The process is expected to last for eight hours. It will determine details about Camomot such as his height and other features.
“His remains include bones and some tissues. A sponge-like part of his heart and lungs are still there,” Balili said.
Camomot’s remains will be used as relics preserved for purposes of veneration as a tangible memorial in case he will be declared a saint in the future.
The remains of Camomot will be transferred to Domus Teofilo, which is located about a hundred meters from the existing tomb of Camomot.
Only Cebu Archbishop Jose Palma, some priests, the DST sisters and relatives of Camomot are allowed to witness the examination of the late archbishop’s body.
The public will be allowed to view Camomot’s remains from 5 p.m. on Wednesday to 4 p.m. on Thursday.
Palma will preside over the 4 p.m. Mass at Domus Teofilo on Thursday before Camomot’s remains will be interred in his new tomb.

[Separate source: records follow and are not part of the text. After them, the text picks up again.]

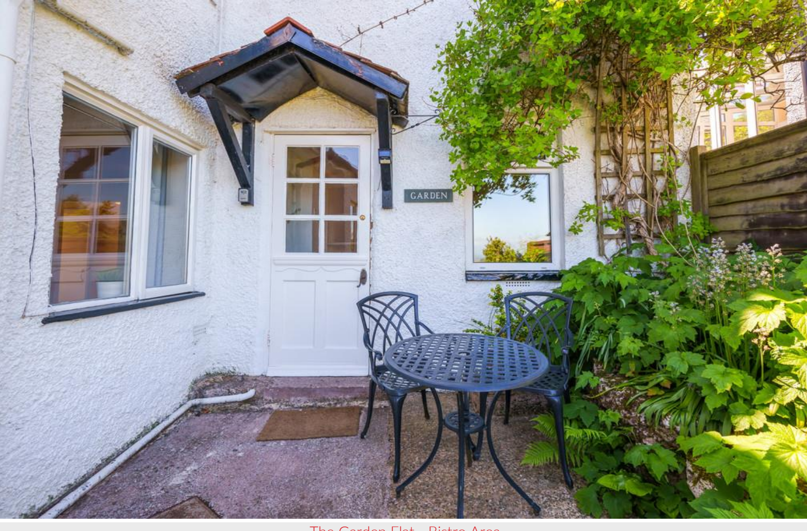
The Garden Flat - Bistro Area
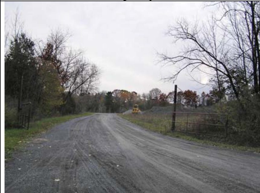
320: View into Town of Milo gravel pit, South side Rice Hill Rd.
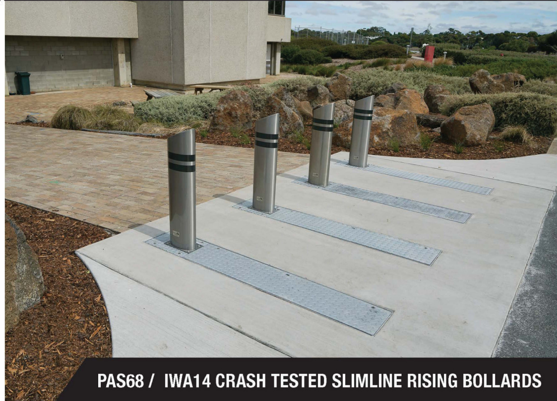
PAS68 / IWA14 CRASH TESTED SLIMLINE RISING BOLLARDS

Since the tomb is only covered by a glass on its top, the casket will be seen by anyone who will visit the museum.
Balili called on the public to maintain an orderly and peaceful viewing of Camomot’s remains.

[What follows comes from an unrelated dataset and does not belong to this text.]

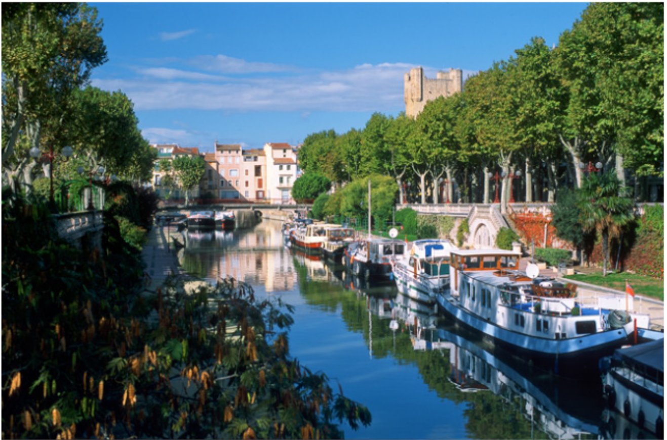
Narbonne, courtesy of Château Capitoul
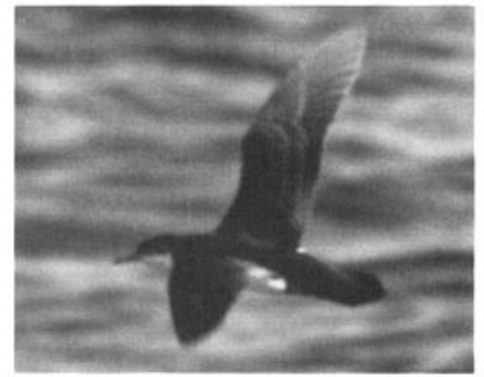
Audubon's Shearwater , Gulf Stream, N.C., Sept. 4, 1977.

Wilson's Storm-Petrel, Oceanites oceanicus . This is certainly the most common pelagic summer resident in North Carolina waters. We encountered these birds on 53 of 56 trips from April 17* through October 12*, although they became increasingly uncommon after mid-September. Published records range from March 8, 1974 (Chat 38:78) through October 22 (A.B. 27:40). These birds are quickly attracted to chum, and during the season of occurrence we could always attract 10 to 50 within minutes, even when no birds had been sighted for several hours. Conservative estimates varied from 50 to 200 individuals seen on trips made during the warmer months. On a two-day trip on May 17-18, 1978 we counted over 1000 migrating individuals. During the spring period individuals are often seen inshore and on occasion from the beach.

He said taking of photographs is discouraged.
“Just pray there,” Balili said.
The Vatican’s Congregation for the Causes of Saints has approved the diocesan process for the cause of sainthood of Camomot last November 2017.

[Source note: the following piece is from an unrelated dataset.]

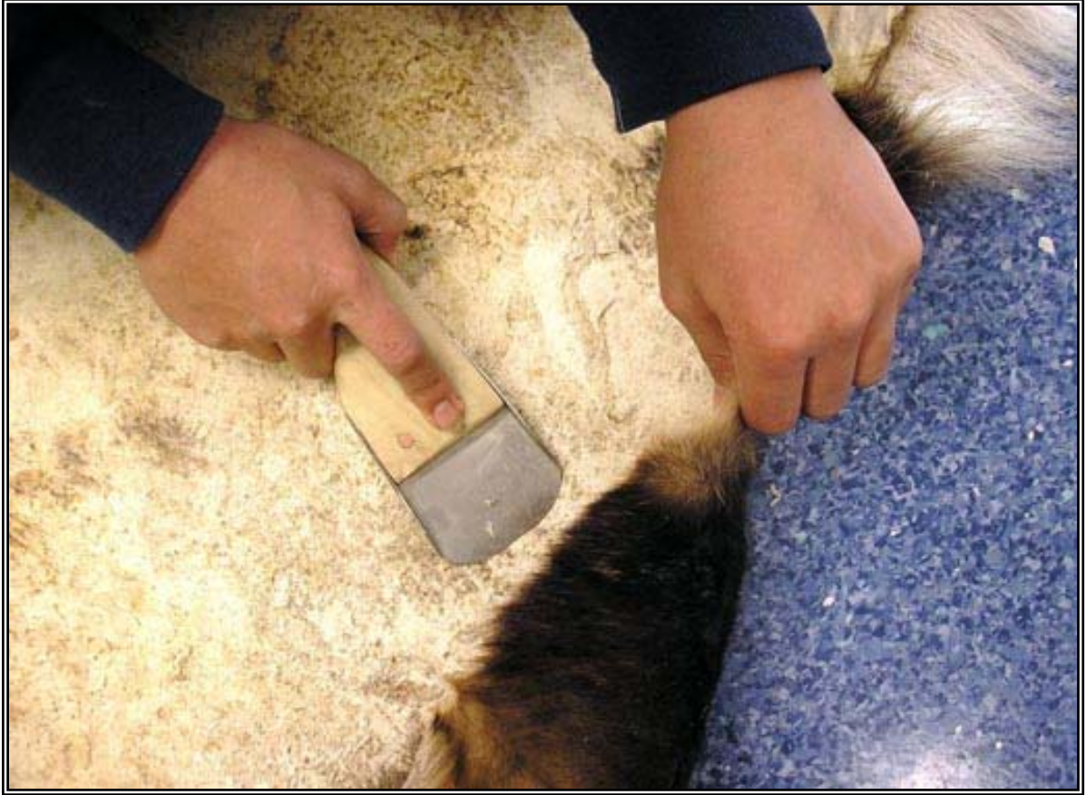
አጠጋቢ ለገሰ ማሳጠጥ

Camomot was known for his extreme generosity and love for the poor.
The diocesan process includes gathering of documents and writings of Camomot and testimonies of witnesses, who had personal encounters with the archbishop.
The next part would be the preparation of the Positio which would summarize the life and virtues of Camomot.
Balili said the Positio includes the biography of Camomot, the testimonies of witnesses and explanation why the late archbishop should be declared a saint of the Catholic Church.
When the Positio is finished, it will be submitted to the Congregation for the Causes of Saints in Rome. It will be studied by theologians and then passed to the cardinal members of the congregation who in turn will vote.
Their votes will determines whether the cause will continue or end. If the vote is affirmative, the recommendation of a Decree of Heroic Virtues is sent to the Pope.
Camomot will be called “venerable” once the candidate’s heroic virtues have been recognized by the Pope.
“From there, we wait for one miracle so that he will become a blessed. And once he becomes a blessed, we will wait for another miracle to become a saint,” Balili said.
Camomot, fondly known as Monsignor Lolong, was known for his exceptional love for the poor.
The Carcar City native pawned his episcopal ring and pectoral cross (the large crucifix worn by bishops) and gave the proceeds to the poor.
The archbishop would also give away whatever he had to the needy.
Camomot died in a vehicular accident in San Fernando town on Sept. 27, 1988.
He was 74.
The Archdiocese of Cebu ruled that the heroic virtues demonstrated by Archbishop Camomot are worthy of sainthood.
If his cause for sainthood will be approved by the Pope, Camomot will become the Philippines’ third saint next to San Lorenzo Ruiz de Manila and San Pedro Calungsod.